Der Bau der Straße Gigling-Rappoltskirchen beginnt bei geeigneter Witterung am 18.11.2013.

Bezüglich des Straßenbaus Bachham-Kleinthalheim führt Bürgermeister Wiesmaier weitere Grundstücksverhandlungen.

Die Sanierung der Thalheimer Straße in Riding zur Verbesserung des Hochwasserschutzes läuft ebenfalls reibungslos.

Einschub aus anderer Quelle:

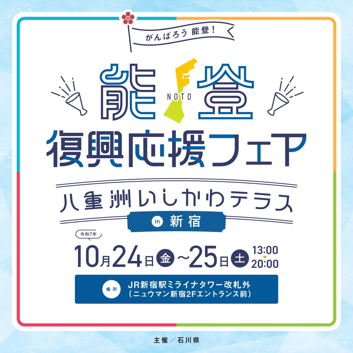 この秋、能登半島地震の復興を応援するための「能登復興応援フェア」が新宿駅近くの八重洲いしかわテラスにて行われます。昨年度の取組を引き継ぎ、首都圏で石川県の魅力を発信するこのイベントは、県産品の試食や販売、復興のための情報発信を通じて、地域振興にも繋がる大切な機会です。

8.    Gemeindeentwicklung;

           Informationen und Sachstandsberichte zu den Projekten in
           Fraunberg und Reichenkirchen
Die nächsten Termine sind für die Geschäftsordnung der Nachbarschaftshilfe und die Erstellung der Ortschronik Fraunberg anberaumt worden.

9.    Stellungnahmen zu Bauleitplanungen der Nachbargemeinden

Der Bebauungsplan der Stadt Erding für das Gebiet des Kindergartens am Ludwig-Simmet-Anger in Altenerding wurde zur Kenntnis genommen. Es bestehen keine Einwände oder Bedenken.

10.    Neubeschaffung und Installation für die EDV in der Gemeindekanzlei

           in die Tagesordnung aufgenommen.
In der Gemeindekanzlei ist 2014 die Anschaffung neuer Hardware erforderlich um den Anforderungen (erhöhter Speicherplatz) gerecht zu werden.
Die Installation kostet rund 13.000 €. Aufgrund von Eigenleistungen des Systembetreuers können die Kosten auf etwa 8.500 € gesenkt werden.
Der Gemeinderat stimmte einstimmig zu.

11.    Bauanträge und Bauvoranfragen

Dem Bauantrag zum Bau eines Betriebsleiterwohnhauses mit Doppelgarage in Grucking wurde das gemeindliche Einvernehmen erteilt.

12.    Verschiedene Anfragen und Informationen

Antrag auf Verkehrsbeschränkung des Fußweges von der Sandfalterstraße zur Kleinthalheimer Straße
Der Gemeinderat war sich einig hier tätig zu werden. Die Verwaltung wurde beauftragt mit dem Verkehrsexperten der Polizei Erding bei einem Ortstermin zu erkunden, welche Möglichkeiten bestehen. Nach dem Ergebnis dieses Ortstermins wird die Angelegenheit dem Gemeinderat zur endgültigen Entscheidung vorgelegt.